Lev Dorit, Binson Inga, Foldes A Joseph, Watemberg Nathan, Lerman-Sagie Tally
Metabolic-Neurogenetic Clinic, Wolfson Medical Center, Holon, Israel.
Isr Med Assoc J. 2003 Jun;5(6):419-21.
The osteoporosis-pseudoglioma syndrome is a rare autosomal recessive disorder characterized by severe juvenile-onset osteoporosis and congenital or early-onset blindness. Other manifestations include muscular hypotonia, ligamentous laxity, mild mental retardation and seizures. The gene responsible was recently identified to be the low density lipoprotein receptor-related family member LRP5 on chromosome 11q11-12.
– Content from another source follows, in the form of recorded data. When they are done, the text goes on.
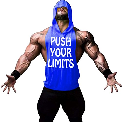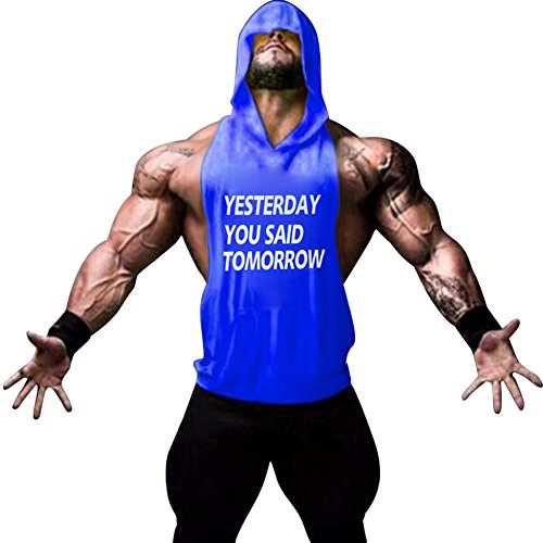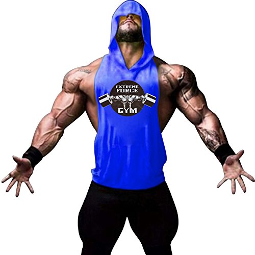 Gerlobal Mens Bodybuilding Stringer Hoodie Workout Fitness Gym Tank Top Blue,Large
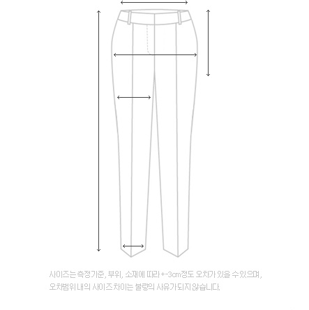 | 옵션 | 허리단면 | 힙단면 | 허벅지단면 | 앞밑위길이 | 뒷밑위길이 | 밑단단면 | 총기장 |
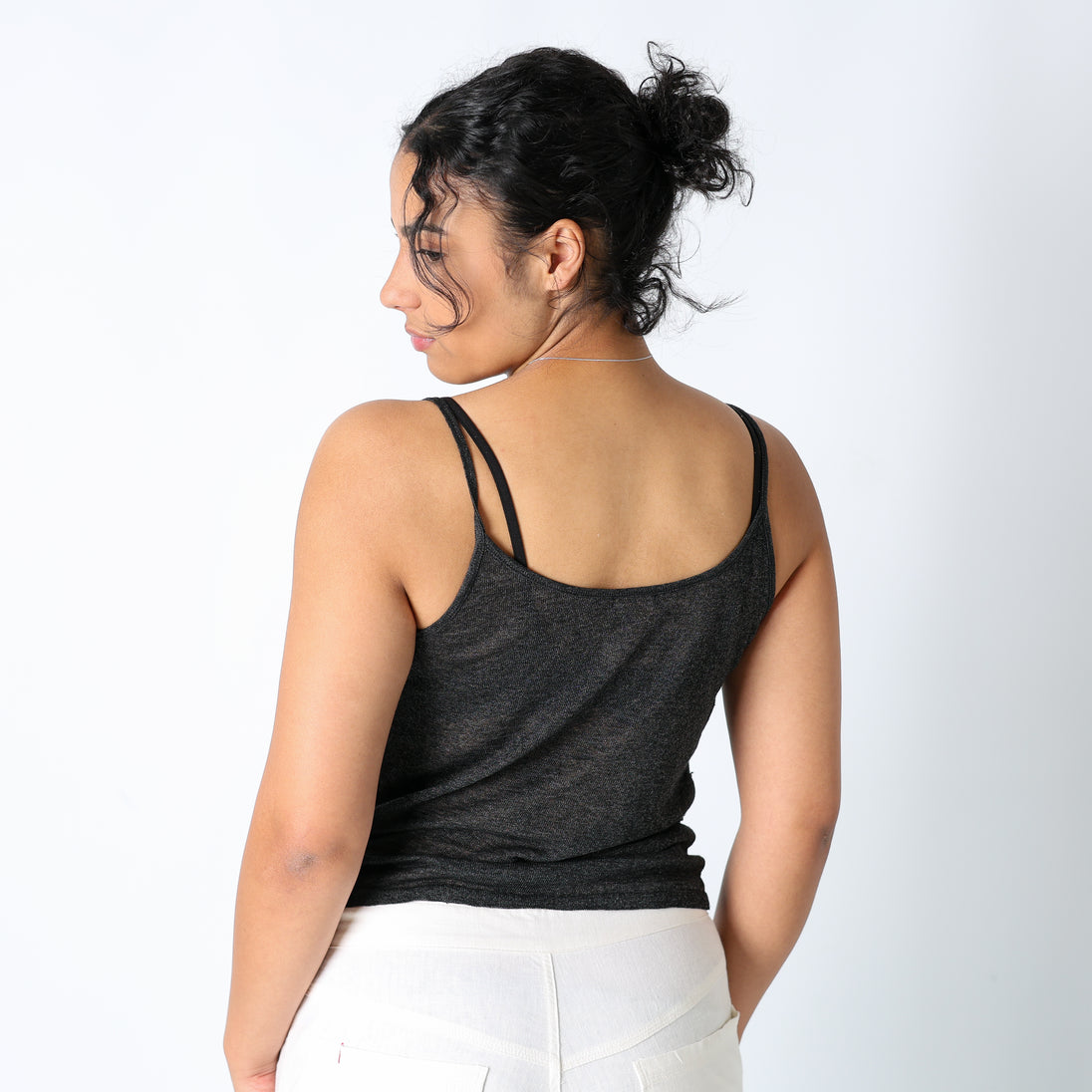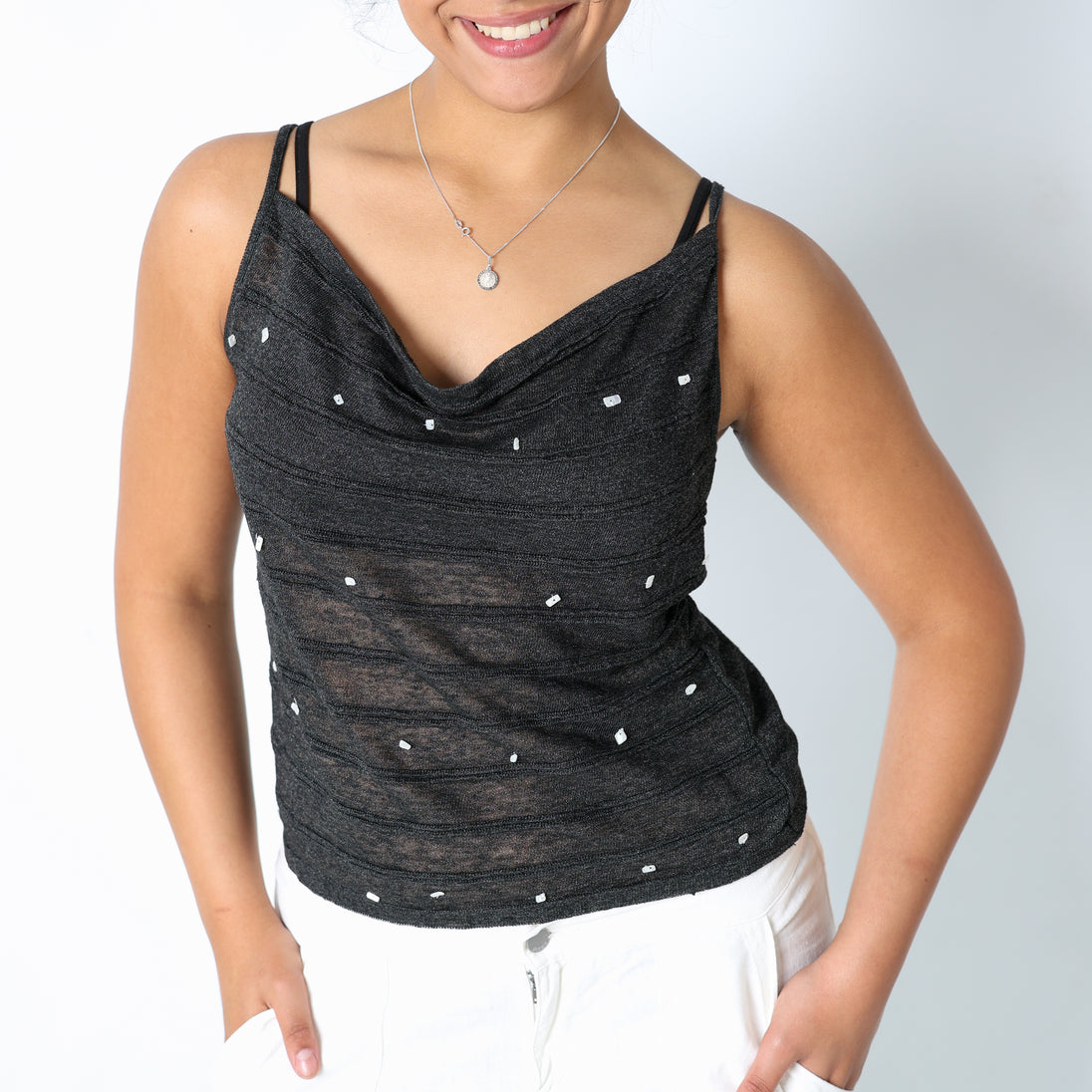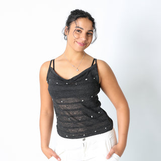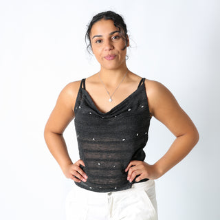 Charcoal Grey 90s C'est Petit Cami Sheer Sparkle Bead Detail (M)

To measure bone density in two siblings with the OPPG syndrome as well as in their family members (parents and siblings).
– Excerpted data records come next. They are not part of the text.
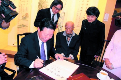 11月20日的大会开幕式之后,论坛主题发言还在进行当中,孙家正已经在半岛公司官方网站入口查询和中联办有关领导的陪同下赶到了饶宗颐学术馆,看望了半岛公司官方网站入口查询荣誉委员、国学家饶宗颐。孙家正紧握饶老先生的双手对他说:您老身体这么康健,是香港之福,也是中华之福。孙家正为饶宗颐颁发了半岛公司官方网站入口查询荣誉委员证书与金质证章,并为饶宗颐学术馆题字。饶宗颐向孙家正赠送了自己的书画集及书法作品。虽已90多岁高龄,但饶宗颐依然每天坚持练习书法,练习瑜伽。说到高兴处,他在凳子上盘起双腿,在空中挥起了手臂。
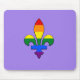 Utformning med fleur-de-lis-symbol (fleur-de-lys eller lily-blomma) med regnbåge från rand från HBT-flagga (lesbisk, homosexuella, bisexuella och transpersoner), gay pride-utformning på lilans bakgrund
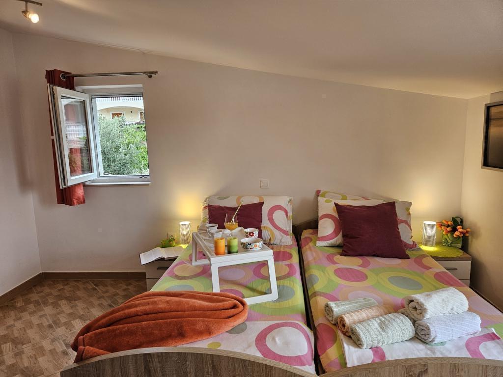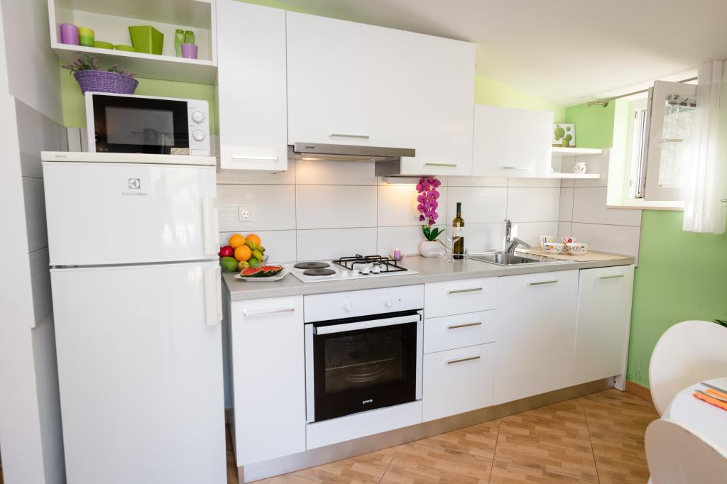 Apartment users have at their disposal a dishwasher and a washing machine. A boat mooring and a place for a trailer are provided, as well as parking for a car. These services are free of charge. Apartment users have at their disposal a cot, parasols and deck chairs. There is a place for a barbecue or grill in the courtyard of the house. The apartment has free internet (wi-fi). Due to its distance from the main road, apartment users do not have to worry about the safety of their children. In the morning hours, there is the possibility of buying basic food products in the immediate vicinity of the apartment by bus. The view of the entire archipelago from the top of Jelinjak hill, which can be reached by car or bicycle, is definitely recommended. There are also two national parks nearby: Krka and Kornati. Welcome!
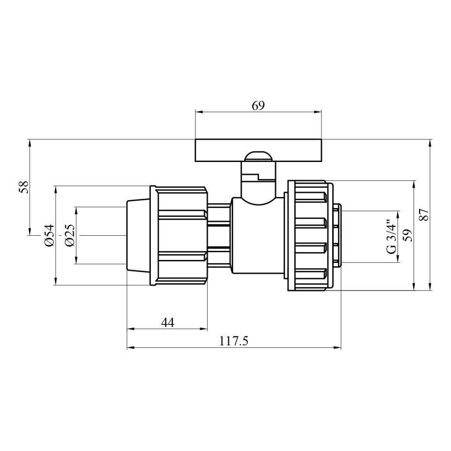 Опис до товару: Кран ПЕ STR 25х3/4" РВ
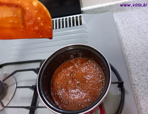 처음보다 졸이는 시간을 줄여서 틀에 넣어 냉장고에 하루정도 두었는데...
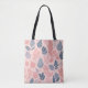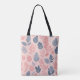 A seamless pattern with various stylized leaves in shades of pink, gray, and white on a light pink background tote bag
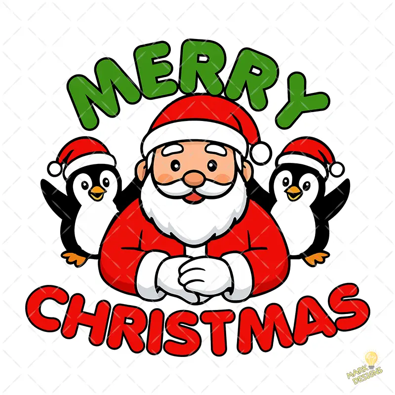 Santa Claus con Pingüinos Navideños Merry Christmas – Vector y PNG 4K

Bone mineral density was determined in the lumbar spine (antero-posterior), femoral neck, two-thirds distal forearm (> 95% cortical bone) and ultradistal forearm (predominantly trabecular bone) by dual-energy X-ray absorptiometry.
The studies revealed osteoporotic changes both in the patients and the carriers.
The findings demonstrate that OPPG carriers have reduced bone mass, which is a risk factor for development of early osteoporotic changes.